## [To do]
Word for word, restate the records that come next, omitting the images.

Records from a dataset
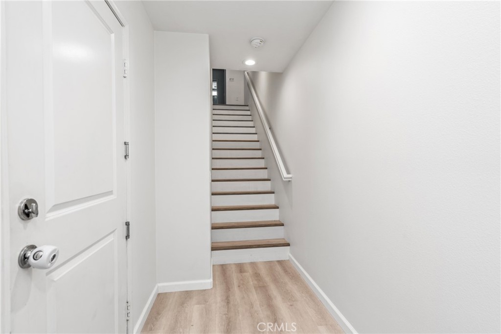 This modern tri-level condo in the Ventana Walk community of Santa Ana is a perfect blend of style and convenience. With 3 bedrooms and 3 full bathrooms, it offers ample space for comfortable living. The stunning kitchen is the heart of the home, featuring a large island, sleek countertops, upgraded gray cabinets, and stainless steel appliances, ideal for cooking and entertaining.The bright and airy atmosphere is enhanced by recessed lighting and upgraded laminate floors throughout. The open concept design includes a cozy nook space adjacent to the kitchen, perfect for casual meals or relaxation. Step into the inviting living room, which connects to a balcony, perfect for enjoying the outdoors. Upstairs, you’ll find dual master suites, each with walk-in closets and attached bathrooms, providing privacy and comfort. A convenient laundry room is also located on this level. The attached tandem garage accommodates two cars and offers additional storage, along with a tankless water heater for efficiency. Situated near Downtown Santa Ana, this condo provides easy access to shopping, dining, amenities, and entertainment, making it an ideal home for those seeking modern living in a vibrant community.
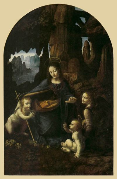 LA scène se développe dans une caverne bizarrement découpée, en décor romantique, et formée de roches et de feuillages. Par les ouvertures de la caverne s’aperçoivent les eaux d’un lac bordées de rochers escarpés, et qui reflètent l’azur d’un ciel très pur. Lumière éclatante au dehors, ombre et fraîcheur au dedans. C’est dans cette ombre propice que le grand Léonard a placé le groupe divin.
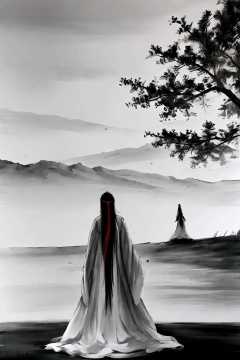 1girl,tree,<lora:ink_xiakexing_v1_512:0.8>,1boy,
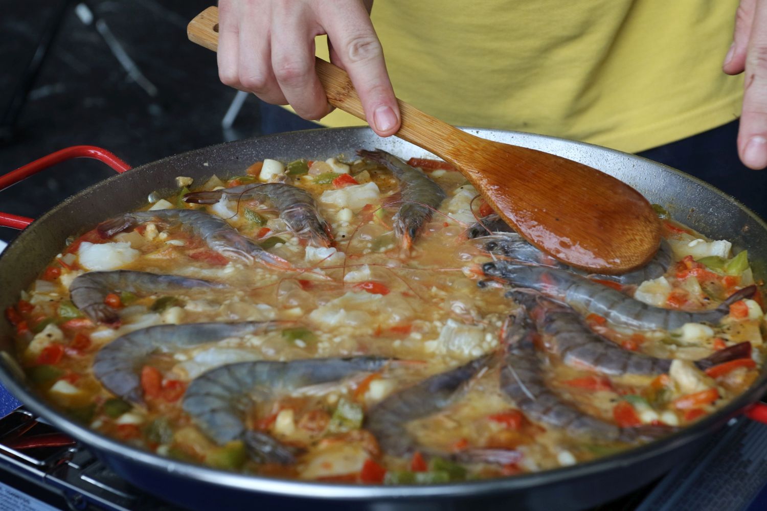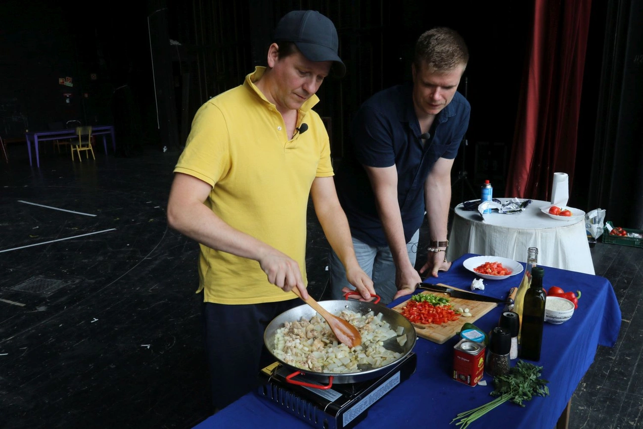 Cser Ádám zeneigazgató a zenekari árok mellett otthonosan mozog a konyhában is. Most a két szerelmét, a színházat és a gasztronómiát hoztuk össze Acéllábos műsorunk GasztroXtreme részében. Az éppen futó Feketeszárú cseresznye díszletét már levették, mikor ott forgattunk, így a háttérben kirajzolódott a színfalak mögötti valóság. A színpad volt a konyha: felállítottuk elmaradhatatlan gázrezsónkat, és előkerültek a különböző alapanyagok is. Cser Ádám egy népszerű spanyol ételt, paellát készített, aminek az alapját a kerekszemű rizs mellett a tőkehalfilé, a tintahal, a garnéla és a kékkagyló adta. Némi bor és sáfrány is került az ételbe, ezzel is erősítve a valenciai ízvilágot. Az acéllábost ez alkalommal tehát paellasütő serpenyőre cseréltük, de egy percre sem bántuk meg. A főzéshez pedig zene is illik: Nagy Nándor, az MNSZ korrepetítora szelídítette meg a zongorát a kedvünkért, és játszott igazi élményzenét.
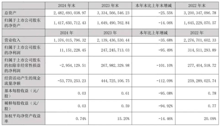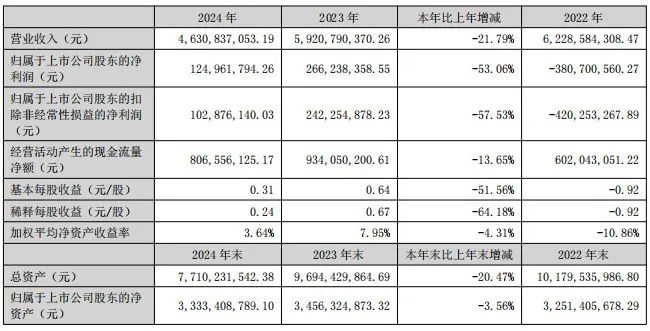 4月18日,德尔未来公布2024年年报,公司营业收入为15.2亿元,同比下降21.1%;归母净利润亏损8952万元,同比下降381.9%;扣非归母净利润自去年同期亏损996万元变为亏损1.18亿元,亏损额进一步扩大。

## [Answer section]
 This modern tri-level condo in the Ventana Walk community of Santa Ana is a perfect blend of style and convenience. With 3 bedrooms and 3 full bathrooms, it offers ample space for comfortable living. The stunning kitchen is the heart of the home, featuring a large island, sleek countertops, upgraded gray cabinets, and stainless steel appliances, ideal for cooking and entertaining.The bright and airy atmosphere is enhanced by recessed lighting and upgraded laminate floors throughout. The open concept design includes a cozy nook space adjacent to the kitchen, perfect for casual meals or relaxation. Step into the inviting living room, which connects to a balcony, perfect for enjoying the outdoors. Upstairs, you’ll find dual master suites, each with walk-in closets and attached bathrooms, providing privacy and comfort. A convenient laundry room is also located on this level. The attached tandem garage accommodates two cars and offers additional storage, along with a tankless water heater for efficiency. Situated near Downtown Santa Ana, this condo provides easy access to shopping, dining, amenities, and entertainment, making it an ideal home for those seeking modern living in a vibrant community.
 LA scène se développe dans une caverne bizarrement découpée, en décor romantique, et formée de roches et de feuillages. Par les ouvertures de la caverne s’aperçoivent les eaux d’un lac bordées de rochers escarpés, et qui reflètent l’azur d’un ciel très pur. Lumière éclatante au dehors, ombre et fraîcheur au dedans. C’est dans cette ombre propice que le grand Léonard a placé le groupe divin.
 1girl,tree,<lora:ink_xiakexing_v1_512:0.8>,1boy,
 Cser Ádám zeneigazgató a zenekari árok mellett otthonosan mozog a konyhában is. Most a két szerelmét, a színházat és a gasztronómiát hoztuk össze Acéllábos műsorunk GasztroXtreme részében. Az éppen futó Feketeszárú cseresznye díszletét már levették, mikor ott forgattunk, így a háttérben kirajzolódott a színfalak mögötti valóság. A színpad volt a konyha: felállítottuk elmaradhatatlan gázrezsónkat, és előkerültek a különböző alapanyagok is. Cser Ádám egy népszerű spanyol ételt, paellát készített, aminek az alapját a kerekszemű rizs mellett a tőkehalfilé, a tintahal, a garnéla és a kékkagyló adta. Némi bor és sáfrány is került az ételbe, ezzel is erősítve a valenciai ízvilágot. Az acéllábost ez alkalommal tehát paellasütő serpenyőre cseréltük, de egy percre sem bántuk meg. A főzéshez pedig zene is illik: Nagy Nándor, az MNSZ korrepetítora szelídítette meg a zongorát a kedvünkért, és játszott igazi élményzenét.
 4月18日,德尔未来公布2024年年报,公司营业收入为15.2亿元,同比下降21.1%;归母净利润亏损8952万元,同比下降381.9%;扣非归母净利润自去年同期亏损996万元变为亏损1.18亿元,亏损额进一步扩大。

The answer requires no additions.